Items from a data source
*****
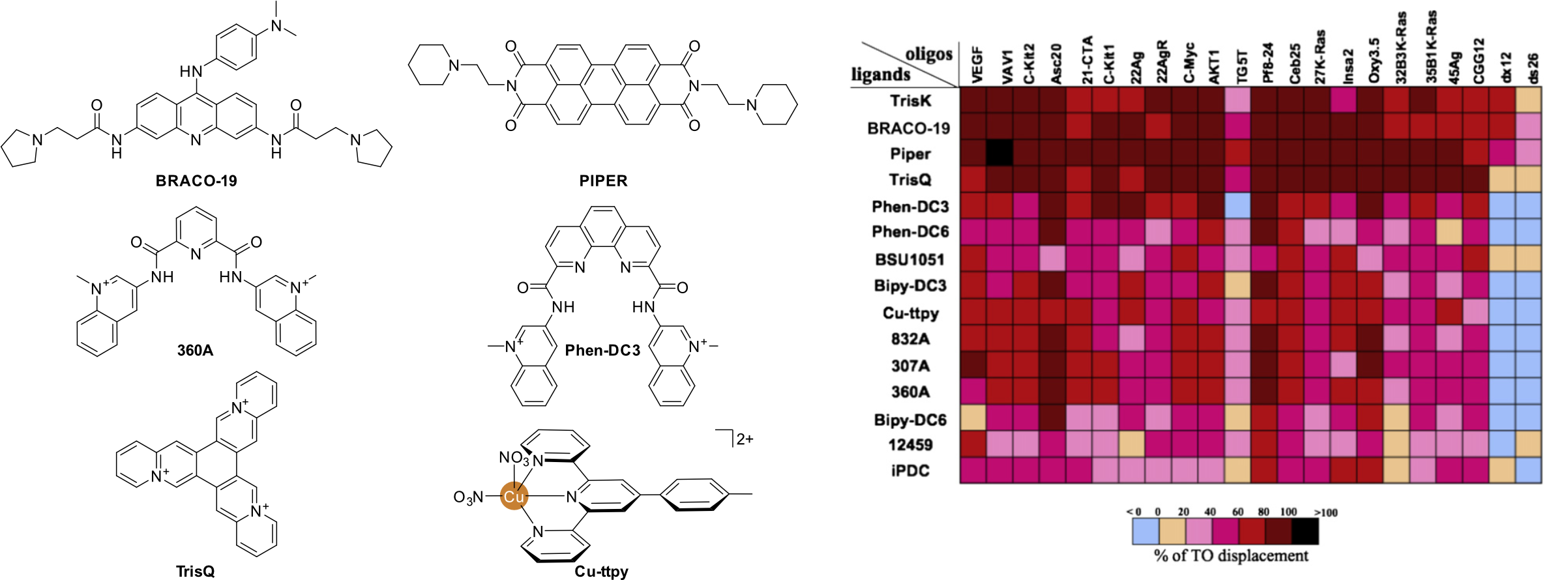 1.3.2 Ligands oligohétéroaryles acycliques qui discriminent fortement entre diverses topologies G4 en ciblant les sillons
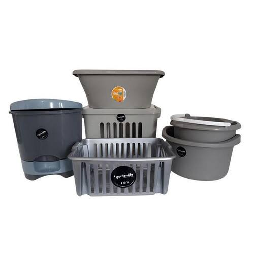 Lixeira de 12L com tampa: ideal para manter a higiene e o ambiente livre de odores. Duas bacias de 10L e 20L: perfeitas para diversas tarefas, como lavar roupas, louças ou organizar objetos. Duas cestas: ótimas para armazenar roupas, brinquedos, livros ou qualquer outro item que você precise. Balde de 9L: ideal para limpeza, jardinagem ou outras atividades. Qualidade e durabilidade:
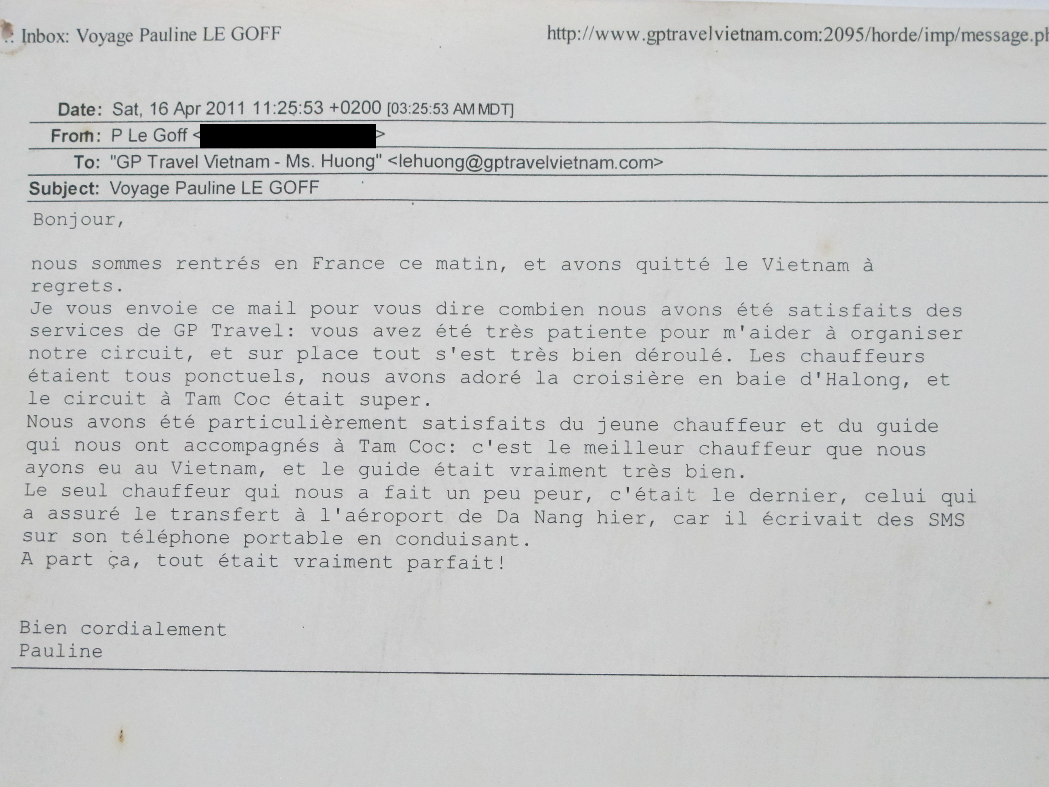 Je vous envoie ce mail pour vous dire combien nous avons été satisfaits des services de GP Travel : vous avez été très patiente pour m’aider à organiser notre circuit, et sur place tout s’est très bien déroulé. Les chauffeurs étaient tous ponctuels, nous avons adoré la croisière en baie d’Halong, et le circuit à Tam Coc était super.
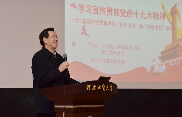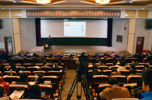 为贯彻落实《关于教育系统认真学习宣传贯彻党的十九大精神 写好教育“奋进之笔”的通知》精神,2017年12月18日下午,由中共河北省委高校工委、河北省教育厅主办的学习宣传贯彻党的十九大精神——高校优秀辅导员“校园巡讲”和“网络巡礼”活动在春秋讲堂举办。河北经贸大学白玉祥、河北工业大学刘征、河北科技师范学院田辉、石家庄铁道大学张锦峰分别作了慷慨激昂的报告,引起了现场听众阵阵热烈掌声。
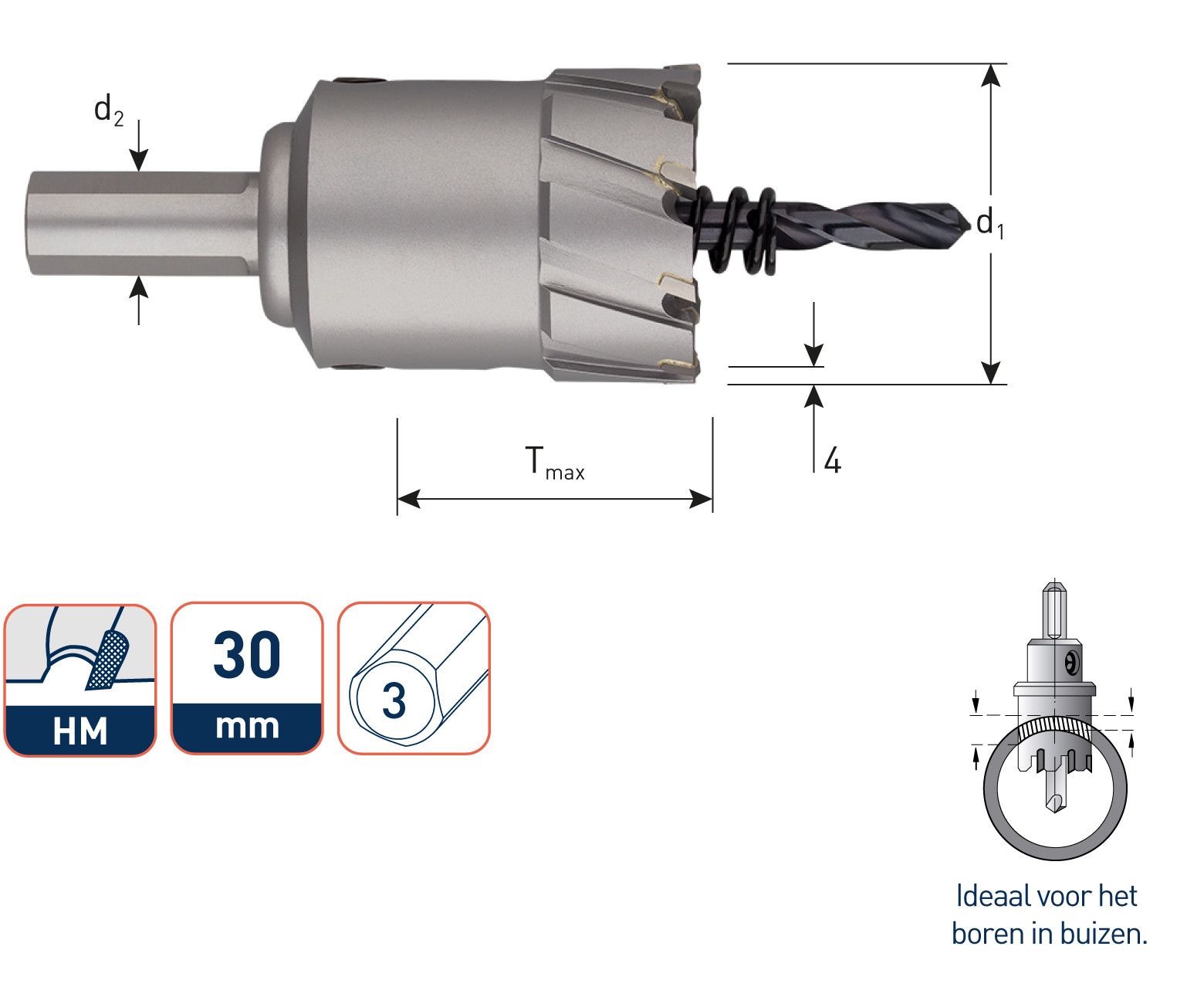 De frees is vervaardigd uit hardmetaal (HM), wat hoge slijtvastheid en bestandheid tegen warmte bij zware toepassingen garandeert. De nominale diameter van 91,0 mm geeft een precieze, ronde opening geschikt voor kabeldoorvoeren, leidingdoorvoer en installatiewerk waar een constante maatvoering essentieel is. De TMAX van 30 mm betekent dat u tot 30 mm materiaaldikte efficiënt en veilig kunt verwerken; dat maakt de frees geschikt voor bewerkingen in dunne plaatmaterialen, hout en kunststof en veel voorkomende bouwmaterialen. Door de stevige constructie blijft de snijkant langer scherp, wat minder wisseltijd en consistentere resultaten oplevert voor zowel de professionele verwerker als de veeleisende doe-het-zelver.
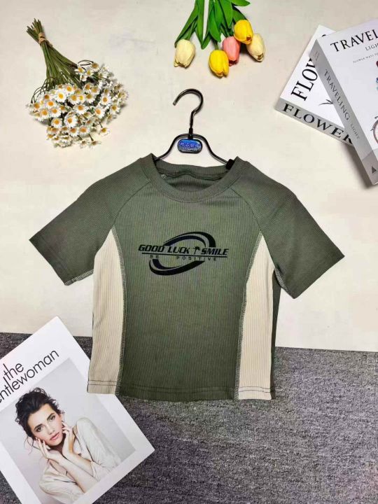 时尚洋气修身显瘦短款辣妹印花短袖T恤,图片款,品质好,工厂原单,5件一包
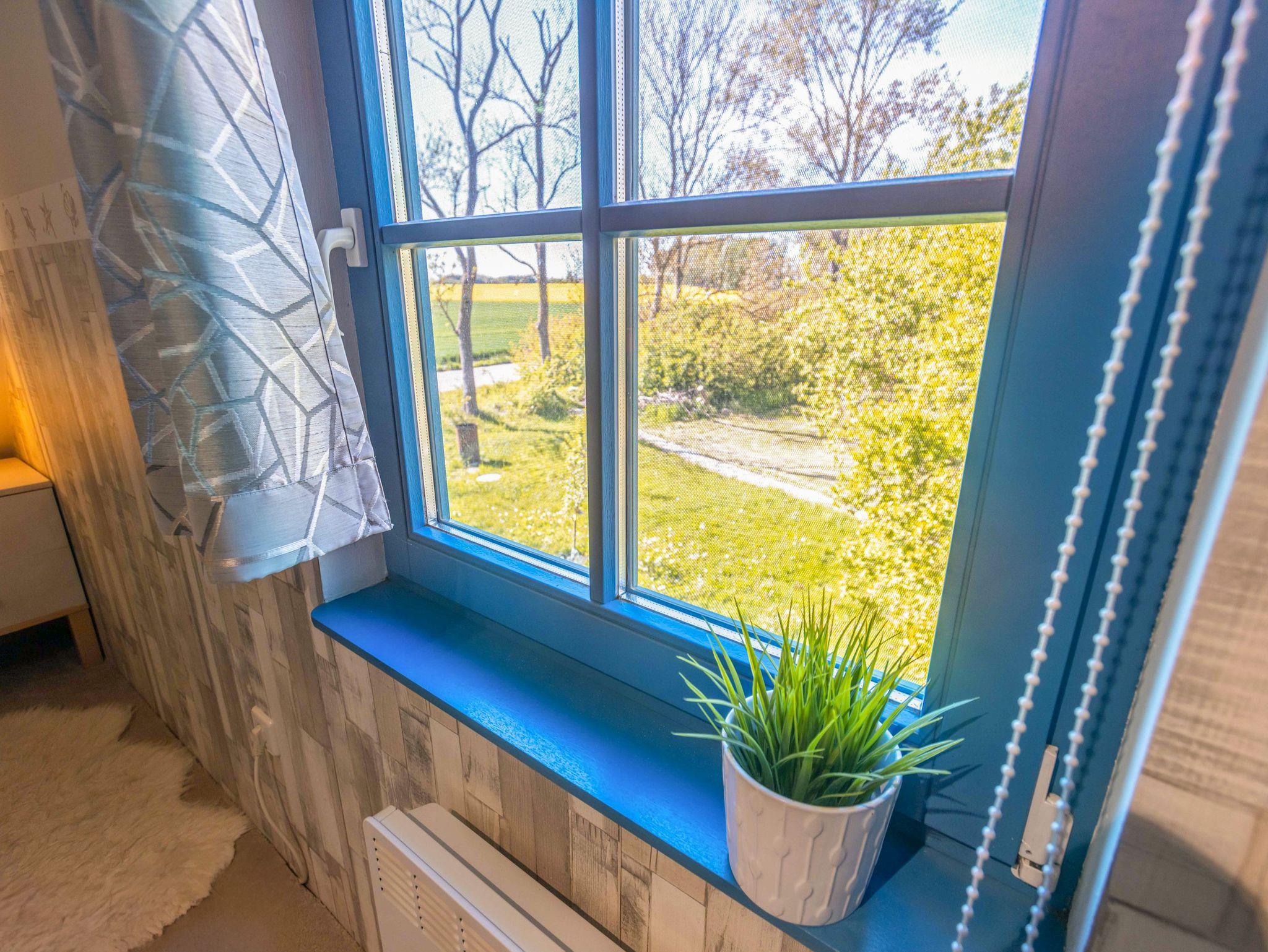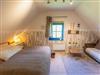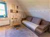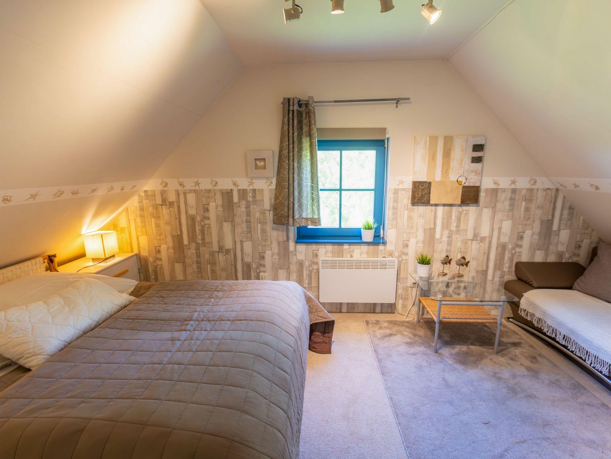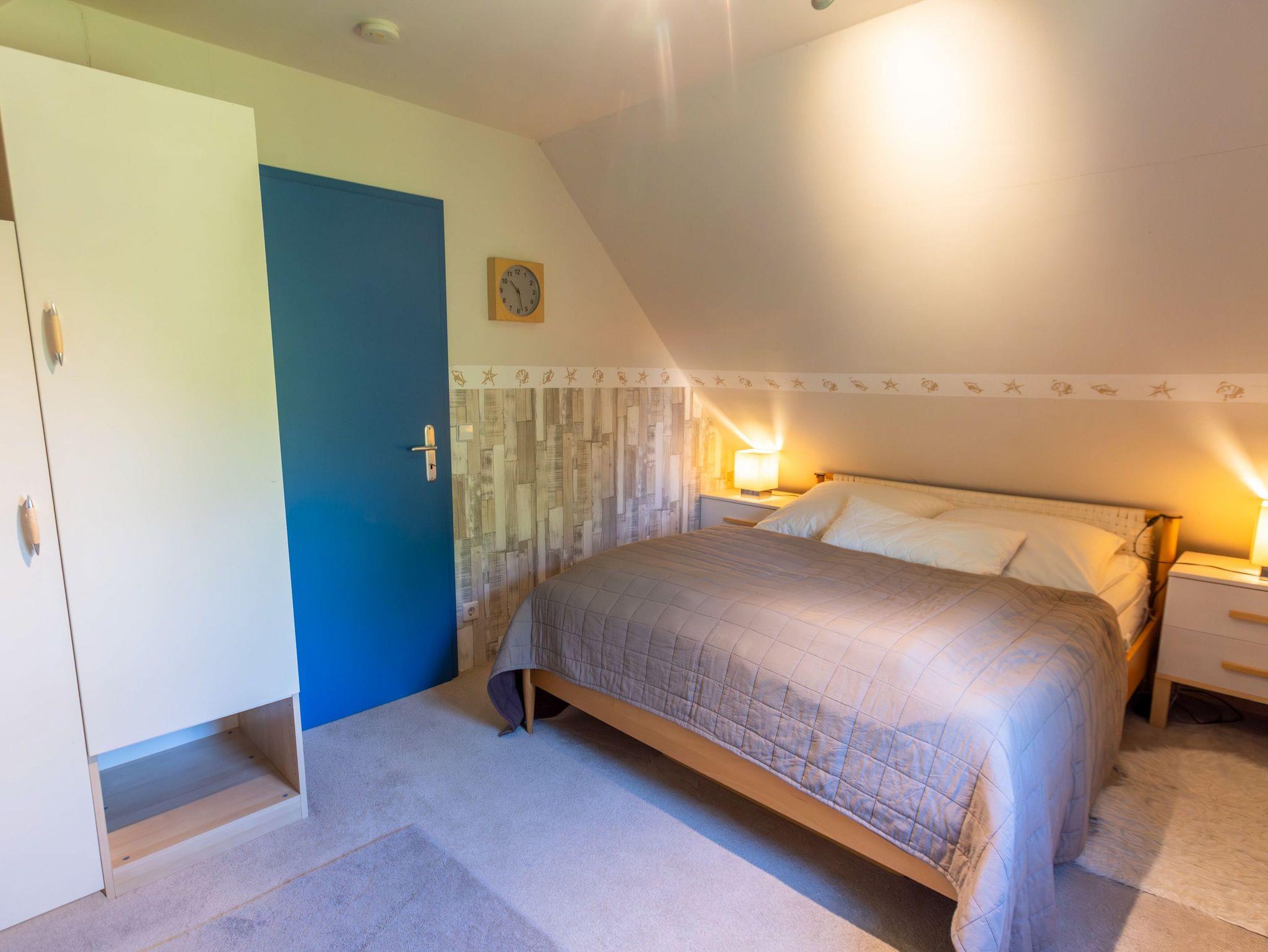 Ebenfalls im Erdgeschoss liegt das moderne Badezimmer mit ebenerdiger Dusche, WC, Waschbecken, Fußbodenheizung und einer kleinen Sauna. Ein Hauswirtschaftsraum ergänzt das Raumangebot mit Waschmaschine, Trockner und vielen nützlichen Dingen wie Wäscheklammern, Verlängerungskabel, Bügelbrett oder sogar einem Boule-Spiel. Über eine bequeme Wendeltreppe gelangst du in das Obergeschoss, wo dich drei individuell gestaltete Schlafzimmer und ein separates Gäste-WC erwarten. Das Sandzimmer ist mit einem Doppelbett (160x200, getrennte Matratzen) und einem zusätzlichen Schlafsofa (80x200) ausgestattet. Im Segelzimmer findest du ein Doppelbett (160x200, durchgehende Matratze) sowie ein weiteres Schlafsofa (80x200). Das Marinezimmer am Ende des Flurs ist etwas kompakter, aber liebevoll eingerichtet, mit einem Doppelbett (180x200, getrennte Matratzen).
*****
## TASK DESCRIPTION:
Please output exactly the lines of the data above, from its first line through the line with "为贯彻落实《关于教育系统认真", and nothing else; drop the pictures.

## TASK RESULT:
 1.3.2 Ligands oligohétéroaryles acycliques qui discriminent fortement entre diverses topologies G4 en ciblant les sillons
 Lixeira de 12L com tampa: ideal para manter a higiene e o ambiente livre de odores. Duas bacias de 10L e 20L: perfeitas para diversas tarefas, como lavar roupas, louças ou organizar objetos. Duas cestas: ótimas para armazenar roupas, brinquedos, livros ou qualquer outro item que você precise. Balde de 9L: ideal para limpeza, jardinagem ou outras atividades. Qualidade e durabilidade:
 Je vous envoie ce mail pour vous dire combien nous avons été satisfaits des services de GP Travel : vous avez été très patiente pour m’aider à organiser notre circuit, et sur place tout s’est très bien déroulé. Les chauffeurs étaient tous ponctuels, nous avons adoré la croisière en baie d’Halong, et le circuit à Tam Coc était super.
 为贯彻落实《关于教育系统认真学习宣传贯彻党的十九大精神 写好教育“奋进之笔”的通知》精神,2017年12月18日下午,由中共河北省委高校工委、河北省教育厅主办的学习宣传贯彻党的十九大精神——高校优秀辅导员“校园巡讲”和“网络巡礼”活动在春秋讲堂举办。河北经贸大学白玉祥、河北工业大学刘征、河北科技师范学院田辉、石家庄铁道大学张锦峰分别作了慷慨激昂的报告,引起了现场听众阵阵热烈掌声。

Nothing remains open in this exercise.